Double Helix opens with something genuinely beautiful. The first two episodes portray Lu Feng and Cheng Yi Chen's student life with real tenderness: two people drawn together despite everything around them telling them not to be. Underneath that romance sits a story with real weight: a world that refuses to accept their love as love. Cheng Yi Chen's own mother treats his sexuality like a disease to be cured rather than a truth to be accepted. That is the show's real subject. It is the story Double Helix should have told.
It is not the story Double Helix tells.
Instead of staying with that slow, devastating pressure, showing how rejection from family, society, and institutions can quietly erode two people from the inside, the writers reach for something far blunter. To manufacture the conflict that drives Lu Feng and Cheng Yi Chen apart, the show turns to sexual violence. The choice is jarring against everything established before it: this is a Lu Feng who fought his family, defied social expectation, and gave up his inheritance to be with Cheng Yi Chen. Nothing in that build-up earns the abruptness of what comes next. The show needed the audience to turn on him, and rather than letting that turn arrive through accumulated strain, it manufactured it in a single act.
The same shortcut resurfaces later, in a different shape. Having used violence to break the relationship apart, the writers reach for a psychiatric disorder to explain it after the fact. A diagnosis is not accountability. It re-labels what happened rather than sitting with it, and it lets the show move toward its happy ending without doing the harder work of making Lu Feng actually reckon with what he did.
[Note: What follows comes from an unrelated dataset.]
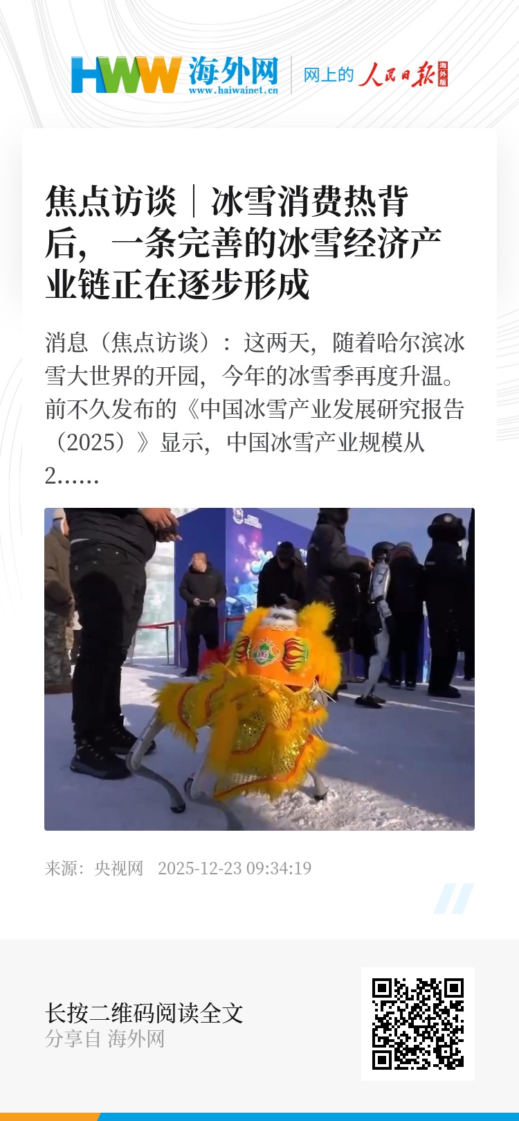 央视网消息(焦点访谈):这两天,随着哈尔滨冰雪大世界的开园,今年的冰雪季再度升温。前不久发布的《中国冰雪产业发展研究报告(2025)》显示,中国冰雪产业规模从2015年的2700亿元持续增长至2024年的9800亿元,预计2025年将首次突破万亿元大关。今年这个冬天,冰雪运动更加丰富多样,从北方到南方,从传统冰雪项目到层出不穷的“冰雪+”新场景,带动了消费,更带动了国产装备制造、目的地运营、旅游服务等全产业链的蓬勃发展。

What makes this doubly frustrating is what the writers had already built and chose to abandon. Cheng Yi Chen is established early as someone capable of real loyalty, caring deeply for the people around him. But that loyalty stops at Lu Feng. When the relationship becomes difficult, he does not fight for it. He walks away with striking ease, and years later, rather than confronting his mother's rejection of who he loves, he marries a woman he has no feelings for simply to keep the peace. It is the same avoidance the show itself is guilty of when things get hard, take the easier path rather than do the difficult work of confrontation. Cheng Yi Chen never matches what Lu Feng sacrificed, and the imbalance is never acknowledged, let alone explored.
Double Helix had a story worth telling about love that society refuses to recognise it, about the quiet cruelty of a mother who sees her son's identity as something to be fixed. Somewhere in its first two episodes, the show knew this. But underneath every choice that follows is the sense that the writer had already decided who each character would be before the story ever earned it. Cheng Yi Chen was cast as the victim, Lu Feng cast as the red flag, both fitted into roles rather than allowed to become them. It chose spectacle over meaning, shock over substance, and predetermined character labels over honest storytelling.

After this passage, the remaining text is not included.